It's the second largest gold producing state in the U.S., has a well-established permitting and regulatory regime, and it contributes significantly to the economy in Alaska. They're an area of the country that appreciates a strong, responsible natural resources industry. You know, underneath Donlin are two Alaska Native corporations. Calista owns the mineral rights and TKC owns the surface rights. This is private land that was dedicated for mining under the Native Claim Settlement Act. The government transferred these mineral rights and potential to these corporations for their own economic self-determination. They both have a significant owner's interest in seeing the Donlin project go forward. As we mentioned earlier, permitting is substantially completed in the United States. The federal permitting process, or the EIS process, is perhaps the most time-consuming of all the permits to achieve. We've successfully completed that. Our state permitting.

You can see on one side of the page all of the permits that we have in hand. The only permit left to really obtain is the dam safety permit. We've submitted the preliminary design packages on that and have no concern that it won't be in hand well in advance of the feasibility study being completed. At any rate, we do not need that permit in hand to start construction. This highlights really the commitment that we share with the native corporations to environmental stewardship, the health and safety of our people. We're very active in the communities in and around the Donlin site. From a governance point of view, NovaGold's always gotten tremendous marks for board diversity, ethical conduct, and frankly very transparent in all levels of our reporting. Yeah, the management team, we've touched on before.

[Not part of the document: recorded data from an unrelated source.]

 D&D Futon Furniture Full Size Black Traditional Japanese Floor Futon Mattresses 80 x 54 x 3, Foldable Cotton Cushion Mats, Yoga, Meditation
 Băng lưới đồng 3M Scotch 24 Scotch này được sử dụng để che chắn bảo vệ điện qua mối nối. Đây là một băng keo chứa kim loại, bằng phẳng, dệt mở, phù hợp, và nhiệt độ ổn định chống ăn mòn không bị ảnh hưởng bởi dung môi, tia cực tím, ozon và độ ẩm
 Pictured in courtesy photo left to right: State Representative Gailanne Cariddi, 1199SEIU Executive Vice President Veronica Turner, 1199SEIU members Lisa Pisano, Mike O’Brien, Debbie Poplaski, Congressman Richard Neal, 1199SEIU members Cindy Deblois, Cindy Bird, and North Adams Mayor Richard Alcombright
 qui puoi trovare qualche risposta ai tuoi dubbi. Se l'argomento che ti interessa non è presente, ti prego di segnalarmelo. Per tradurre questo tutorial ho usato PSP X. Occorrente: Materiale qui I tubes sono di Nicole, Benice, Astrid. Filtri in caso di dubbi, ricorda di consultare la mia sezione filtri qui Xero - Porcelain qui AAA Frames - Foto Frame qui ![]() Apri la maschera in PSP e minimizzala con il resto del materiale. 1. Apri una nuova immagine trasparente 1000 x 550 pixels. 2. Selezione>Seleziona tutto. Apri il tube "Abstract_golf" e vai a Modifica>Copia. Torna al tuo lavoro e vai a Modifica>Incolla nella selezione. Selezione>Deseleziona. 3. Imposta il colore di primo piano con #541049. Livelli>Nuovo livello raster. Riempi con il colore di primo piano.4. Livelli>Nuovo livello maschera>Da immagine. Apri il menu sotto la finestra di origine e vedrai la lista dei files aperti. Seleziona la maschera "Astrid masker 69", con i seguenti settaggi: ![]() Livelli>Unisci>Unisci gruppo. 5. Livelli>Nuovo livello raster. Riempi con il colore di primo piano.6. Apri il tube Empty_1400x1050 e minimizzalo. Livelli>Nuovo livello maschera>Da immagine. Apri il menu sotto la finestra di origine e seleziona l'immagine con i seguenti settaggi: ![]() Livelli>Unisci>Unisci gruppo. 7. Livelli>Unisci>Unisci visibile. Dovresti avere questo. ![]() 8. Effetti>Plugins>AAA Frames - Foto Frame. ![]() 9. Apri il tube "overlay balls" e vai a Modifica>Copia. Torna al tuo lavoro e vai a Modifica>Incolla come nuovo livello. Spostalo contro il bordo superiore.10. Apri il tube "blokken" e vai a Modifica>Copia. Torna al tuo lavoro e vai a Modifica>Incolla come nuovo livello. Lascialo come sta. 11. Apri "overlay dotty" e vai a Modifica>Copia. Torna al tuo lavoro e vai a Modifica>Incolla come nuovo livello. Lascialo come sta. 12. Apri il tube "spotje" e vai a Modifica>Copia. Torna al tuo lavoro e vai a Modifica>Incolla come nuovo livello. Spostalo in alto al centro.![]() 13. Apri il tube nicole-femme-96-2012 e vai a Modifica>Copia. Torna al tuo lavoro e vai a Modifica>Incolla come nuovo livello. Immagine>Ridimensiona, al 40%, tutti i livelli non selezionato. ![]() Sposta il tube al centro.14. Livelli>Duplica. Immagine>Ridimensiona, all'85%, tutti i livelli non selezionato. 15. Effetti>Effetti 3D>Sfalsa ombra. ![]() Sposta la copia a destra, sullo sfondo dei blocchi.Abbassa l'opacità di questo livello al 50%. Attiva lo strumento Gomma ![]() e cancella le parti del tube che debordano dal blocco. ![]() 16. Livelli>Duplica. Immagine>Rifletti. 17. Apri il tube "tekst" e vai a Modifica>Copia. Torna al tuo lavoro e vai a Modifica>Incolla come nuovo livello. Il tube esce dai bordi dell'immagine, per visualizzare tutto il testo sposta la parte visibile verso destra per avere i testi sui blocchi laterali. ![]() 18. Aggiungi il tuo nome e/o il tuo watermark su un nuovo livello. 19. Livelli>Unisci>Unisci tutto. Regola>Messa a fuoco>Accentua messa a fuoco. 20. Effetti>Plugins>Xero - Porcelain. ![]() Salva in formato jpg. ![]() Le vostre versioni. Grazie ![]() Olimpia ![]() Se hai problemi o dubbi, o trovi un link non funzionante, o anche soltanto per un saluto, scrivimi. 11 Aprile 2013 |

Richard Williams, like myself, is a long term Barrick veteran. Richard, during his almost 30 year tenure with Barrick, he led many of the feasibility studies for the refractory plants going back to the Merkur plant, all of the autoclaves at Gold Strike. His last assignment at Barrick was he was the lead project director on the construction of the Pueblo Viejo mine in the Dominican Republic. He led that project through feasibility study, through commissioning and into production. When he was done with that, he joined us. He's really one of the key people in the industry that have experienced building these big assets and he is the ideal guy to lead the next couple years. What we have to do. Peter Adambic, our Chief Financial Officer, joined us from Hudbay. Of course, Melanie's on the line with us and Ben Macklis is our General Counsel.

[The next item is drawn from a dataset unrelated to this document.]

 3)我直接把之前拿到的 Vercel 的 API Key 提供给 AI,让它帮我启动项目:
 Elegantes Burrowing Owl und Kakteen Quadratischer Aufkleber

He's a well-seasoned environmental attorney, formerly a partner at Dorsey & Whitney. Our treasury, now that the dust is settled from our various transactions, our treasury is in great shape. You know, our full year forecast is presented on the slide. We've got once the noisy quarter getting all of the transaction-related material is behind us, our expenditures will settle back down to their very predictable levels of recent years and we will focus on updating the feasibility study. Just, you know, looking at the news flow coming up for us, you know, we're working with Paulson on the Donlin Gold budget. I anticipate that the total budget for Donlin will be, you know, comparable to the $43 million that was approved when Barrick was still on board. We'll shift a lot of the work streams to focus on updating the feasibility study.

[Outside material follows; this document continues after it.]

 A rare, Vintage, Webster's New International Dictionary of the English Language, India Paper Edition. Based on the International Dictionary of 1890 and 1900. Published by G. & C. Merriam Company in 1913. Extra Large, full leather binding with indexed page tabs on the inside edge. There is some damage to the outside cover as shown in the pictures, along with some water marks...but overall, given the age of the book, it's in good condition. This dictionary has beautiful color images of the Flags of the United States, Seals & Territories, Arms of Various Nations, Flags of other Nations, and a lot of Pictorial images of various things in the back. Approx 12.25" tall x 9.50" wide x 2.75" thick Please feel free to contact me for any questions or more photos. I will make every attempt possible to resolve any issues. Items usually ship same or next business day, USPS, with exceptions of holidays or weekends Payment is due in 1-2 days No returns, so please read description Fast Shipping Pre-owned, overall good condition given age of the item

The drill program is well advanced and we will be guiding the markets on our results as they start coming in in the next couple of months. We are continuing to advance the technical work, support our state permitting efforts, and work with our stakeholders on outreach and investment engagement initiatives in Alaska. With Paulson as our new owner, Donlin Gold is in a great position to update the feasibility study and move forward. That is an alignment of owners that we have not had at Donlin in many, many years. All right, that is the final slide in our presentation this afternoon.

John,

Greg and Melanie, thank you so much. Of course, everyone on the call always is able to submit questions through the question box. We have a go to stage channel, like a YouTube channel where the replays of all of our meetings are archived for several years. Everything is open public, no password. We only like to have public events. Greg, in terms of the feasibility study, we have the price of gold, we have CapEx, OpEx, potentially tailings reviews, practices and tailings changed a lot since 2012. You have the natural gas pipeline which you are saying the government might run to Cook Inlet. What else might change besides the engineering firms?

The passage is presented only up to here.